From Meta, a Wikimedia project coordination wiki
Jump to navigation Jump to search

Monday, November 25th[edit]

Today, I'm going to try to replicate the change in the proportion of deleted pages for non-English wikis. The real problem is that the database servers for non-English Wikipedia do not allow for temporary table -- the kind of scratch space I need in order to move forward.

My plan is to extract exactly what I need to a local database server that I can use to perform the requisite joins. I've figured out how to extract page info as well as user stats, but I can't seem to figure out how to extract the revision that created the page so I can join with the user table and split newcomers from oldtimers.


Page status query
SELECT
    page_id,
    page_namespace,
    page_title,
    revisions,
    first_revision.
    last_revision,
    archived,
    (
        archived AND 
        UNIX_TIMESTAMP(last_revision) - UNIX_TIMESTAMP(first_revision) < 60*60*24*30 
    ) AS archived_quickly,
    creation.rev_id AS creating_rev_id,
    creation.rev_timestamp AS creating_rev_timestamp,
    user_id AS creator_id,
    IFNULL(creatore.user_name, creation.rev_user_text) AS creator_name,
    IFNULL(direct_create.log_action, indirect_create.log_action) AS creator_creation_action,
    user_registration AS creator_registration
FROM (
    SELECT
        ar_page_id AS page_id,
        ar_namespace AS page_namespace,
        ar_title AS page_title,
        COUNT(*) AS revisions,
        MIN(ar_timestamp) AS first_revision,
        MAX(ar_timestamp) AS last_revision,
        True AS archived,
        MIN(ar_rev_id) AS first_rev_id
    FROM archive
    WHERE ar_timestamp < "20131105000000"
    UNION
    SELECT
        page_id,
        page_namespace,
        page_title,
        COUNT(*) AS revisions,
        MIN(rev_timestamp) AS first_edit,
        MAX(rev_timestamp) AS last_edit,
        False AS archived,
        MIN(rev_id) AS first_rev_id
    FROM revision
    INNER JOIN page ON page_id = rev_page
    WHERE rev_timestamp < "20131105000000"
    GROUP BY 1,2,3
) as page
LEFT JOIN revision creation ON rev_id = first_rev_id
LEFT JOIN user creator ON rev_user = user_id
LEFT JOIN logging AS direct_create ON
    direct_create.log_type = "newusers" AND
    creator.user_id = direct_create.log_user AND
    direct_create.log_action IN ("create", "autocreate", "newusers")
LEFT JOIN logging AS indirect_create ON
    indirect_create.log_type = "newusers" AND
    indirect_create.log_action IN ("byemail", "create2") AND
    REPLACE(creator.user_name, " ", "_") = indirect_create.log_title;

Alright.
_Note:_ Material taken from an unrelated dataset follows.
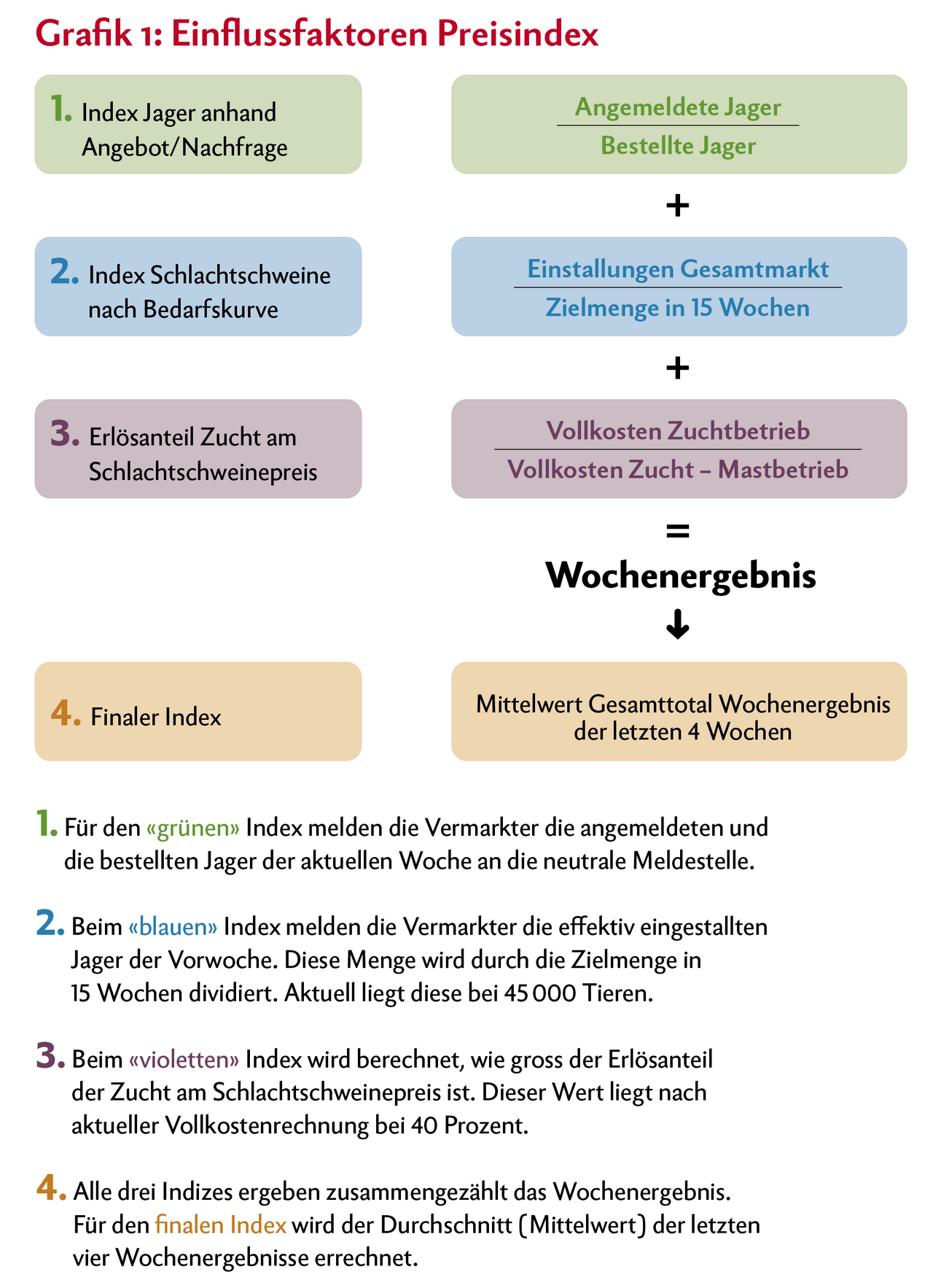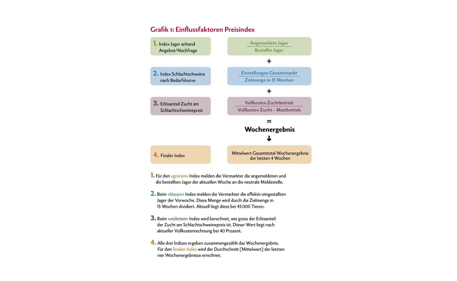 Neu wird der Jagerpreis also nicht mehr an dieser Börse zwischen Züchtern, Mästern und Händlern verhandelt. Stattdessen wird anhand messbarer Indikatoren ein Index berechnet (siehe Grafik 1). Dieser Index wird wiederum mit dem aktuellen Schlachtschweinepreis multipliziert (siehe Grafik 2).

This one is a monster. Here's what it is supposed to get:

(one row per page)

  • page_id: Page identifier (if not archived)
  • page_namespace: "
  • page_title: "
  • revisions: Number of revisions saved
  • first_revision: Date of the first revision
  • last_revision: Date of the last revision
  • archived: True if in archive table, false otherwise
  • archived_quickly: True if archived within 30 days of creation (judging by last rev_timestamp)
  • creating_rev_id: rev_id of the creating revision
  • creating_rev_timestamp: "
  • creator_id: user_id of the creator (or NULL for anons)
  • creator_name: user_name of the creator (or IP for anons)
  • creator_action: log_action for relevant account creations
  • creator_registration: registration date of creator (or NULL for anons)


Time to see how quickly I can get in trouble for unleashing this.

19:39, 25 November 2013 (UTC)